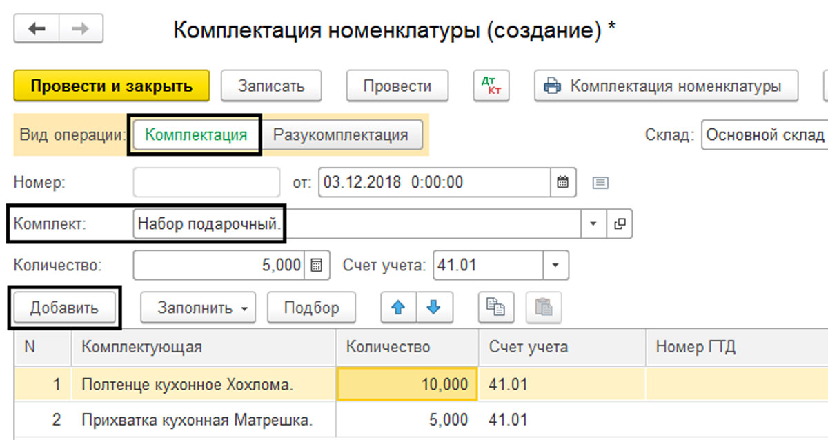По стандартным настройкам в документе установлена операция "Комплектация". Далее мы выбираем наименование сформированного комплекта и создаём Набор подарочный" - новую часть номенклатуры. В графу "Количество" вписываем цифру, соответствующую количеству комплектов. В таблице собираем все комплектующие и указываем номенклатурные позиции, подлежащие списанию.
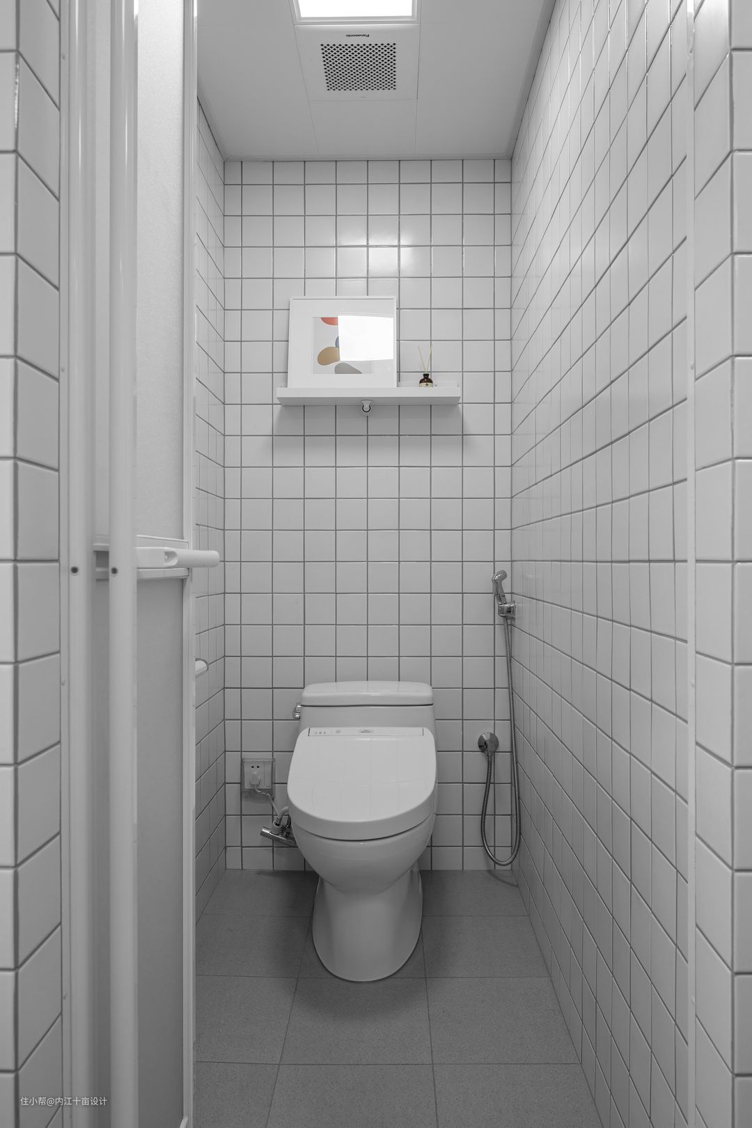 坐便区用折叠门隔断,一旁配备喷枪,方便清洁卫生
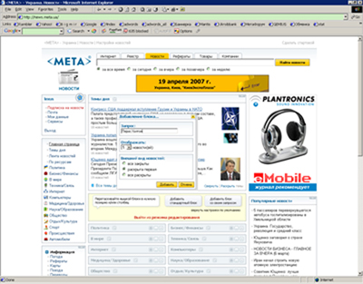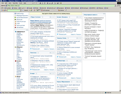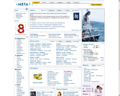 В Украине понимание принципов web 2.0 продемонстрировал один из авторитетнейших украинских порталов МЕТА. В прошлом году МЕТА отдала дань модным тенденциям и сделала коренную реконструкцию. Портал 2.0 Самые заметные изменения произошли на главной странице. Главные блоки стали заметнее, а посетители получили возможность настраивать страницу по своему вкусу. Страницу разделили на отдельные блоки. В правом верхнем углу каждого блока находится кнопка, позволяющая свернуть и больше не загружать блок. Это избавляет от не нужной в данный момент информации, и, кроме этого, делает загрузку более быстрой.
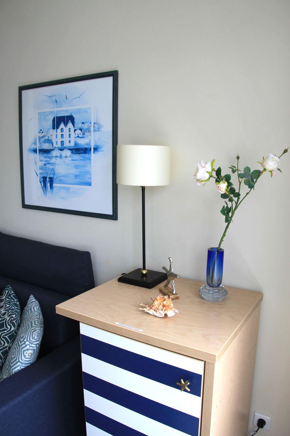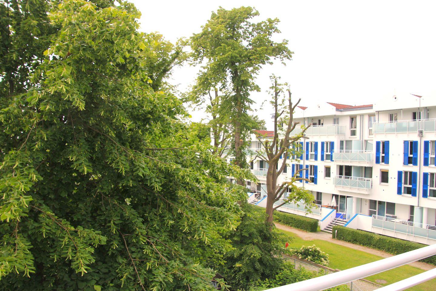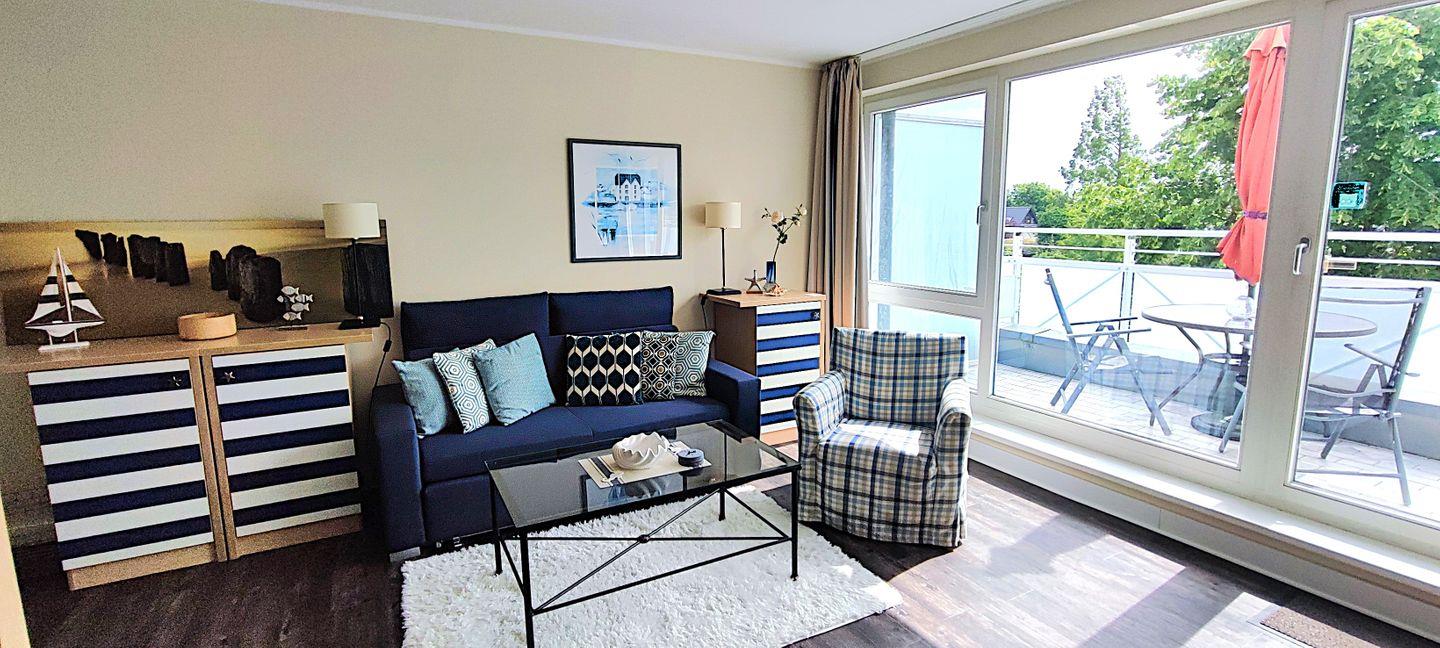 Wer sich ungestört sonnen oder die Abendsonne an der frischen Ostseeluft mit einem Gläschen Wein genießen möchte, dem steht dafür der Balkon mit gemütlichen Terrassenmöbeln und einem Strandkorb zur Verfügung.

-----

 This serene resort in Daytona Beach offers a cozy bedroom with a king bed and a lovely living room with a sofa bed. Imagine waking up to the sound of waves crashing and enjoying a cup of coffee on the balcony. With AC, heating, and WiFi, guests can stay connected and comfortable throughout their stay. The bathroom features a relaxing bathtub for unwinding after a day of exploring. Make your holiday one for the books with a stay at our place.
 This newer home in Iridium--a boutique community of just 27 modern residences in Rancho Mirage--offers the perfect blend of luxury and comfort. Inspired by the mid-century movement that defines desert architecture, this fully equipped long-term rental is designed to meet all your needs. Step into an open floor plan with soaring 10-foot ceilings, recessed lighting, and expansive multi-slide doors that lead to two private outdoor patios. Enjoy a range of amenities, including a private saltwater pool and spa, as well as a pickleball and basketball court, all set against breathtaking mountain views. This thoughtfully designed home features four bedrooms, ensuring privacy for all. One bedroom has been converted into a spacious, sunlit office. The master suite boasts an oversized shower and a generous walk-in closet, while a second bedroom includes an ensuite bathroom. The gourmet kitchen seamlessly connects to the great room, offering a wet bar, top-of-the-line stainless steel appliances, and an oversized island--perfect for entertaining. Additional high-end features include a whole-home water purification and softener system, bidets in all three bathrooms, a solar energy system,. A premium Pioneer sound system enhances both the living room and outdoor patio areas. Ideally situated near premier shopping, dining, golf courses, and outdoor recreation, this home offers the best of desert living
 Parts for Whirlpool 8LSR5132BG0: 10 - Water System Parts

-----

- WHAT THE EXERCISE ASKS
Up in the listing, locate the line with "В Украине понимание"; print it and every line after it down to the line with "Wer sich ungestört", which is included too. Skip the pictures.

- OUTPUT BELOW
 В Украине понимание принципов web 2.0 продемонстрировал один из авторитетнейших украинских порталов МЕТА. В прошлом году МЕТА отдала дань модным тенденциям и сделала коренную реконструкцию. Портал 2.0 Самые заметные изменения произошли на главной странице. Главные блоки стали заметнее, а посетители получили возможность настраивать страницу по своему вкусу. Страницу разделили на отдельные блоки. В правом верхнем углу каждого блока находится кнопка, позволяющая свернуть и больше не загружать блок. Это избавляет от не нужной в данный момент информации, и, кроме этого, делает загрузку более быстрой.
 Wer sich ungestört sonnen oder die Abendsonne an der frischen Ostseeluft mit einem Gläschen Wein genießen möchte, dem steht dafür der Balkon mit gemütlichen Terrassenmöbeln und einem Strandkorb zur Verfügung.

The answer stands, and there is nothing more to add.